「ジェンス、そこにいたのか」
ぶらぶら歩いて路地を戻っていくと、工房からハッチェリが出てきたところだった。
「おやじの話、長いからな。退屈だったか? せっかく来たからにはシリンガを周っていくか」
シリンガはライオネラでもっともにぎやかな盛り場の街だ。ジェンスは首を横にふった。
「俺は丘に行ってみたい」
「丘ぁ? 大神殿に行くのか?」
「チェリはつきあわなくていい。俺ひとりで行く」
傭兵の多くはまじないを好むが信心深くはない。それにハッチェリは七枝神を信仰する辺境の出身で、神殿や神官が苦手だ。
それでもこの前のことがあるからだろう、ハッチェリは重々しくうなずいた。
「……そうだな、命拾いしたものな」
本当のことをいえば、ジェンスの目的は大神殿や世界樹ではなかった。しかしあの少年に会えるかもしれないから丘に行ってみたいなんて、そんなことはとてもいえない。
「チェリはシリンガで遊んで帰ればいい」
ジェンスがそういったとき、ちょうどタラットが工房から出てきた。
「タラット、俺は丘に行ってくる」
タラットはハッチェリのような反応はしなかった。それでも同じことを考えたにちがいない。
「感謝の気持ちはちゃんと伝えておくものだ。相手が神様でも、人間でも」
鍛冶屋の徒弟に参道までの近道を教えてもらい、ジェンスは小さな宿を経めぐる曲がりくねった坂道をたどっていった。
歩くうちに方向感覚があやしくなったが、気がつくと参道の入口がすぐそこにある。大神殿へ続く道は柵で仕切られ、これから大神殿へ向かう人の列と、戻ってくる列がある。
「世界樹のめぐみをあなたに」という言葉が聞こえてきた。いったい何かと思ったら、参道の入口で簡素な白い服を着た男女が巡礼に杖を配っているのだった。
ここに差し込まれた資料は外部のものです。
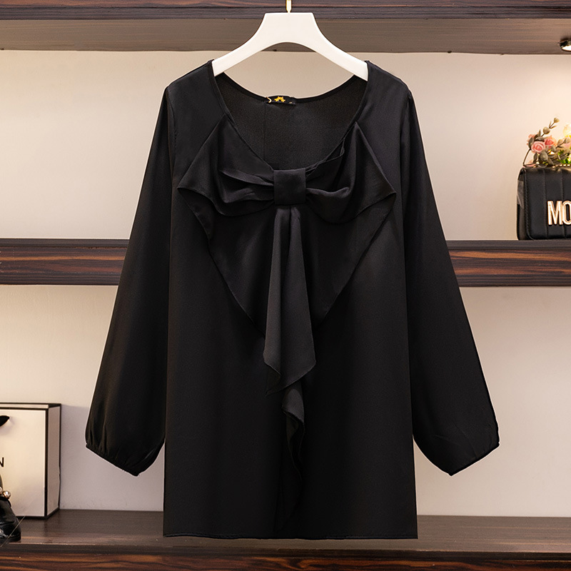 Pakaian wanita ukuran besar musim semi baru ukuran Plus desain saudara perempuan berpita Atasan kemeja wanita 63358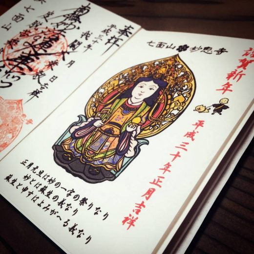 七面大明神と共に、今年の干支である戌のイラストをあしらった新春仕様となっております。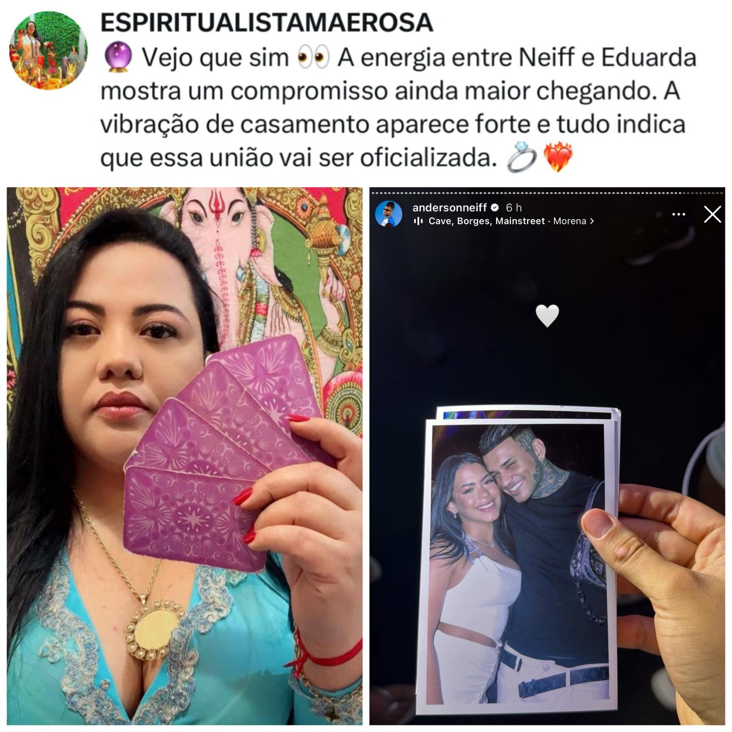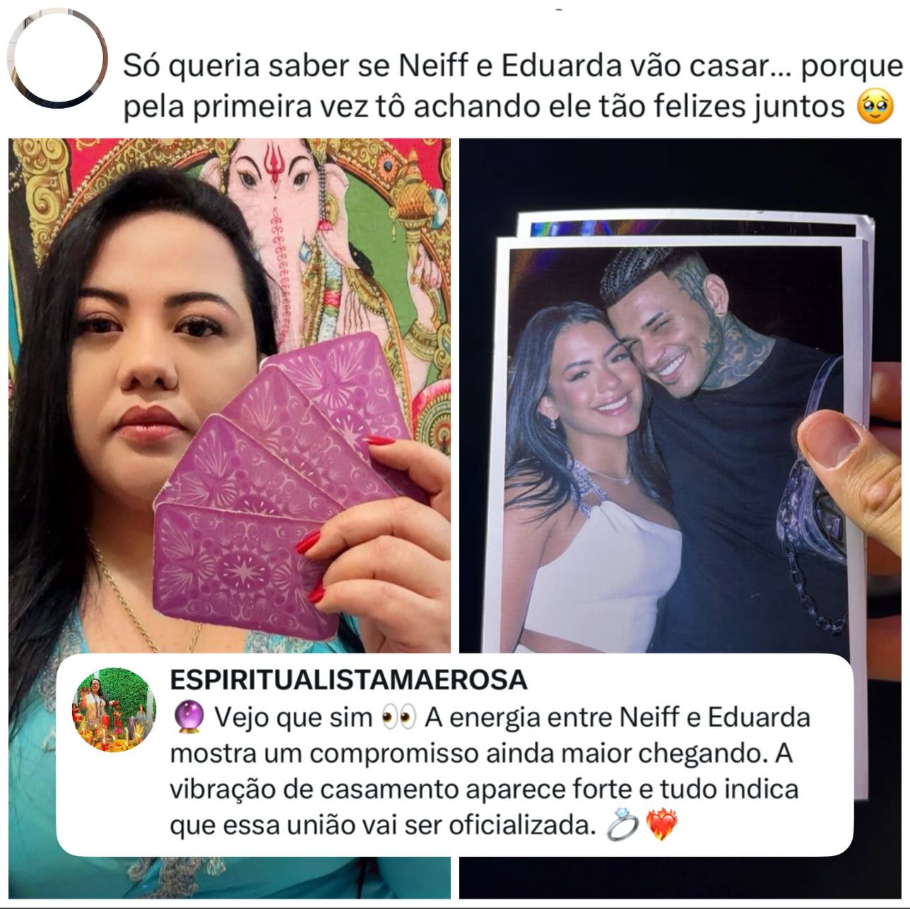 🚨 A renomada vidente dos famosos, @espiritualistamaerosa, compartilhou uma revelação incrível: ela vê o casamento no futuro de Neiff e Eduarda! 💍✨ Não é o momento exato, mas a energia desse casal está apenas se intensificando. Preparem-se para o que vem a seguir! 😱❤️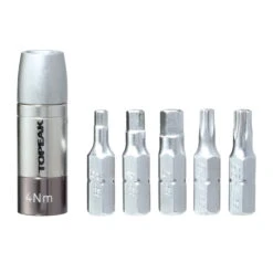 Diese super kompakte Drehmomenthülse (4 Nm, 5 Nm oder 6Nm) macht aus jedem Mini-Tool mit 5 mm Innensechskantschlüssel einen vollwertigen Drehmomentschlüssel! Das enthaltene Transport Case bietet Platz für eine Hülse und die 5 wichtigsten Bits (3 mm/4 mm/5 mm/T20/T25). Mit diesem Set ist stets das richtige Anzugsmoment für Schrauben von Anbauteilen garantiert und teure Carbon Teile werden vor Beschädigung geschützt.

骨のように白い木の杖だ。その前にも長い列があって、杖をもらった人から順に参道へ向かっている。
「世界樹の古枝を削った杖だ。大神殿がタダでくれる」
「タダ? へえ」
そういって列に並ぶ二人連れを見て、ジェンスもそのあとに続いた。
「ありがたいもんだな。にしても、おまえは前も巡礼に来ただろう? その時の杖は?」
「もちろん今も持ってるさ! ライオネラを発つ前に削ってスプーンを作ったんだ。土産になるし、お守りにもなる。その辺の木工屋で頼めるぞ」
「なるほどね」
巡礼は老若男女さまざまで、服装も粗末なものから立派なものまでいろいろだった。ジェンスの斜め前をいく贅沢な服装の男は護衛の傭兵を連れているが、列の進みが遅いことに苛立っている。
ジェンスはのろのろ歩きながら、大神殿から戻ってくる人々の顔をなんとなく見ていた。あの青い目の少年が神殿の人間なら、参詣の列にいるはずはないから、こんなところで探しても無駄にちがいない。自分でもそう思っていた。
それなのにその時、あれが見えたのだ。
――午後の日差しにきらめく金の髪と、その下の青い眸が。
「世界樹のめぐみをあなたに……ちょっとそこの人、列を乱さないでください!」
杖を配る男の制止も聞かず、ジェンスは参道に飛び出していた。たしかにあの少年だった。髪はきれいに梳かしつけられていたし、服装も前に会ったときのような粗末なものではなかったが、あの青い目はまちがえようがない。
ジェンスは列を横切りながら大声を出した。